A modification of the tissue culture technique is done to detect cytomegalovirus and several respiratory viruses in clinical specimens called rapid centrifugation cultures or shell vial cultures. In this method, the specimen is centrifuged onto tissue culture cells that are growing on a round glass coverslip inside a vial referred to as a shell vial. The cells are incubated for a brief period of time (24 to 72 hours) and then stained with fluorescent antibodies to detect the virus. This technique is much more rapid and sensitive than conventional tissue culture but is still less sensitive than molecular detection.
It is not always possible to isolate a microorganism by culture, visualize it microscopically, or detect it by antigenic or molecular detection techniques. In those situations, an alternative approach is to determine if the patient has mounted an immune response against a specific agent as evidence that he or she has been infected with that agent. The immune response is generally measured by detecting antibodies in the serum of patients—thus the name serology.
Serology has both advantages and disadvantages. As advantages, (i) specimens for testing are readily available; (ii) antibodies are relatively stable molecules, so transport is not a major concern as it is with culture; and (iii) tests have been designed that can detect most known agents, such as HIV and HCV, which are difficult to detect by other means. Depending on the target antigen against which the immune response is measured, the test can show both high sensitivity and high specificity. Compared with other techniques, these tests are relatively inexpensive and easy to perform, in part because they have been automated. As a result, they can be used to screen large numbers of specimens for selected infectious agents. For example, this approach is used to screen blood products used for transfusions to ensure that the transfused patient does not receive blood contaminated with hepatitis B and C viruses, HIV, or T. pallidum , the agent of syphilis.
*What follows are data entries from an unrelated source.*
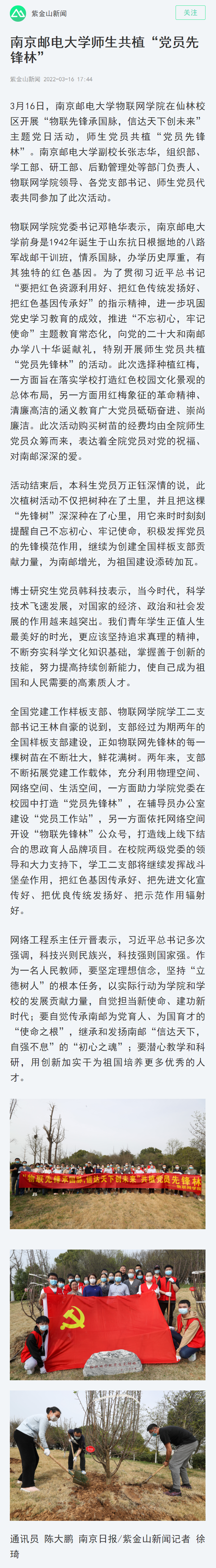 | 【南京日報客戶端】南京郵電大學師生共植“黨員先鋒林” |
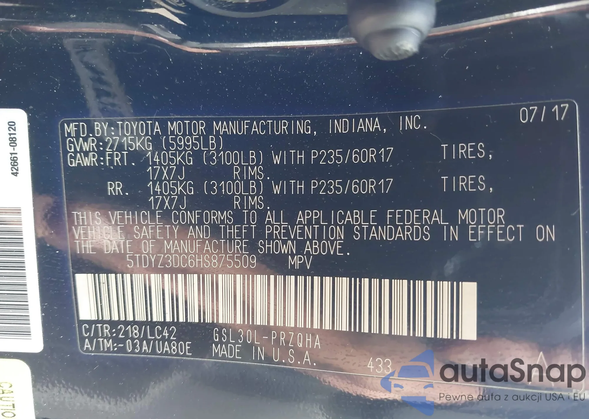 VIN: 5TDYZ3DC6HS875509
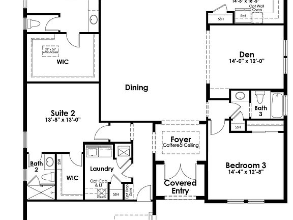 This thoughtfully upgraded 3 Bedroom home sits on a spacious homesite overlooking wooded views and located only a short walk from the community's Clubhouse and amenities. The home's double door Front Entry keeps things light and bright through decorative glass. A spacious Gourmet Kitchen in the rear of the home offers quartz countertops, GE stainless steel appliances, decorative pendant lighting above the Island, and upgraded cabinetry with gray lower and white upper cabinets, soft close doors, full extension drawer glides, and double pull-out trash. The adjacent Outdoor Living Area has been upgraded with a privacy wall and stub out for a future Summer Kitchen. All main living areas, including Den, feature Luxury Vinyl Plank flooring and all baths feature tile to ceiling.* This Move-In Ready home in Cresswind Lakewood Ranch is located in Lakewood Ranch. Some home images may contain additional upgrades, finishes and/or features not included. Floorplan shown is base model and may not include structural options in this home.
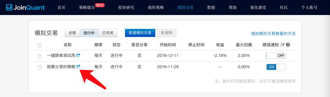 每个交易日16:00,根据从2017年1月1日至当天的累积收益,系统将对平台所有被分享策略进行排名(排名更新时间为每个交易日的18:00)。
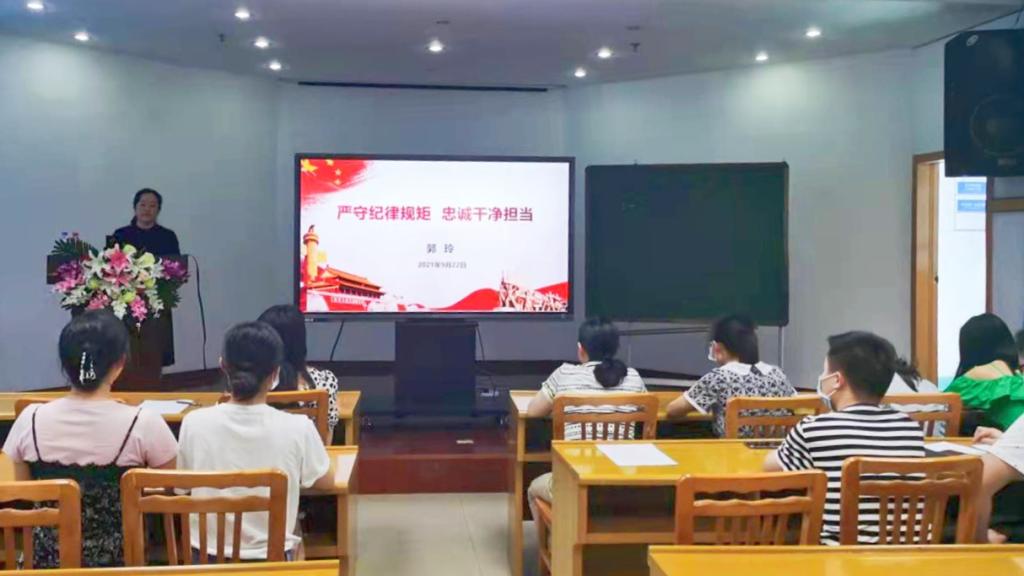 副院长郭玲首先以“严守纪律规矩,忠诚干净担当”为题,上了一堂生动的主题教育专题党课。郭玲以个案为例,鞭策党员同志严守党的纪律,以良好的学风、文风、教风抓教育,不断锤炼党性修养、锻造过硬作风。
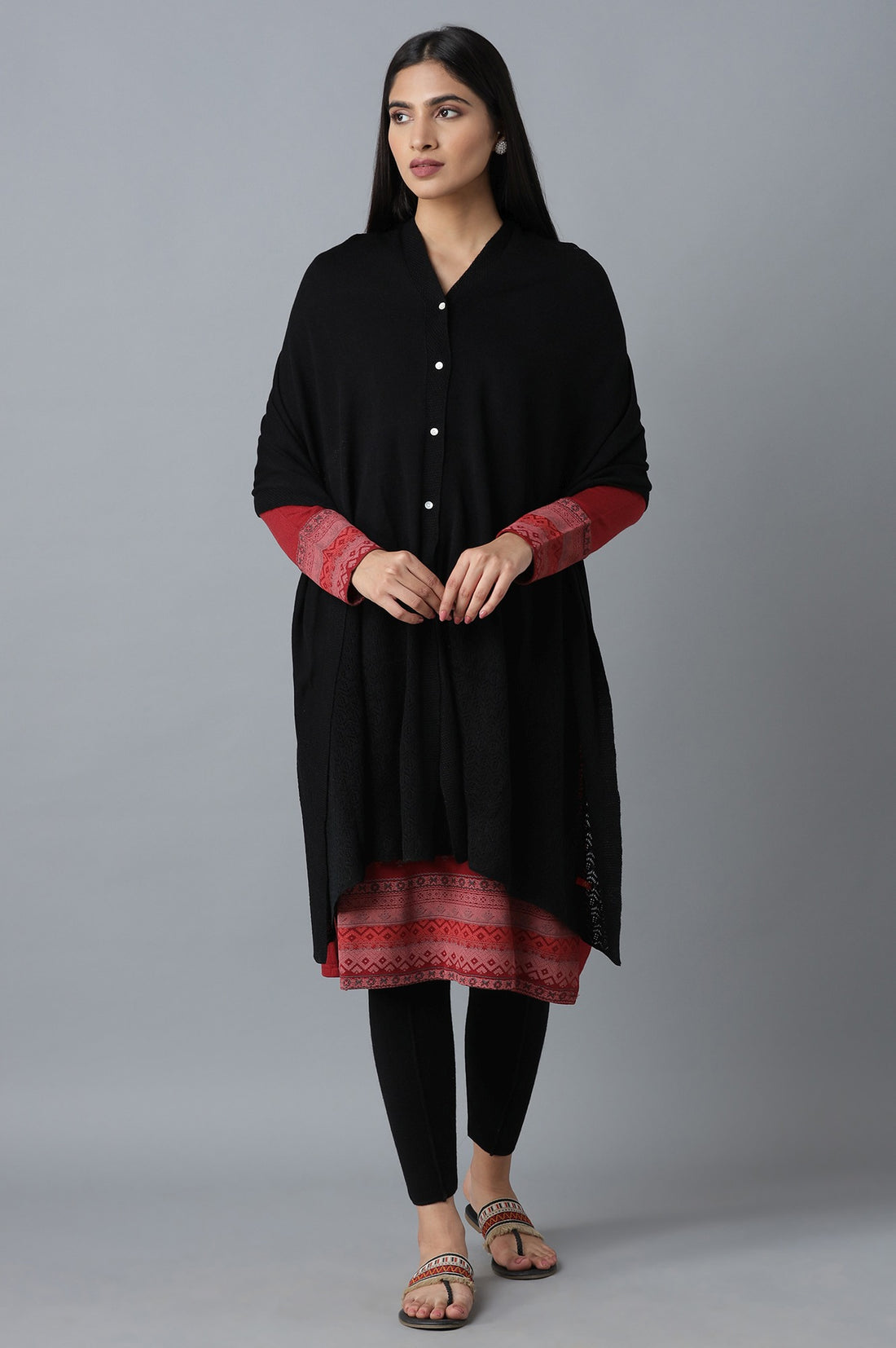This poncho will look stunning when paired with top and denim or a kurta set. Give your attire a finishing touch with rose tinted cheeks and flats.
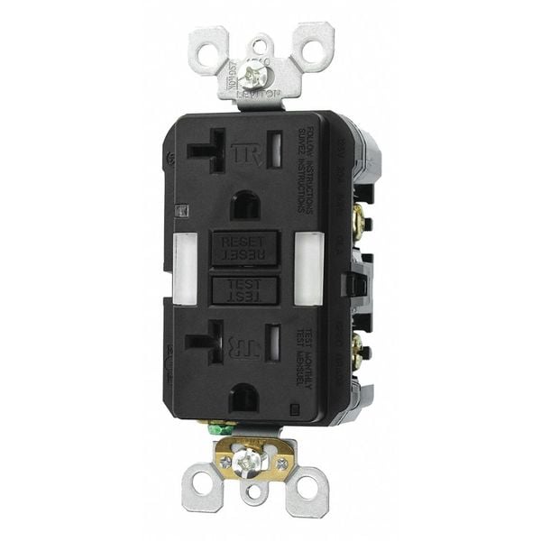 GFI Receptacle, Connection Orientation Straight, Cover Type No Cover, Current Rating 20 A, GFCI Yes, Grounding Grounded, Hazardous Location Specification Not Applicable, Housing Color Black, Housing Material Polycarbonate, Mount Type Flush, NEMA Enclosure Rating Not Rated, NEMA Receptacle Configuration 5-20R, Number of Poles 2, Number of Wires 3, Phase Single, Polarized Yes, Receptacle Type Decorator Duplex, Resistance Properties Tamper Resistant

Serologic tests also have several disadvantages and should be interpreted with some caution. To have a positive test, the patient must have mounted an immune response. Serum obtained from an acutely ill patient may have been taken during the window period in an infection before the patient had time to mount an immune response. Therefore, to get the most accurate result, acuteand convalescentspecimens should be obtained. The convalescent specimen should show a significant increase (or, in some cases, decrease) from the antibody level of an acute specimen. This is usually a 4-fold change in the titer. Because the convalescent specimen should be obtained a minimum of 2 weeks after the acute specimen, serologic diagnosis is often retrospective. Because obtaining a convalescent specimen is often difficult logistically, the only value that may be available is that from the acute specimen. Patients may have relatively high antibody levels because of previous infection with the test organism and, as a result, may have a false-positive result. Antigenic cross-reactions between the test organism and other antigens may also lead to false-positive results. Some immunocompromised patients are unable to mount a response and may never have a positive serologic test.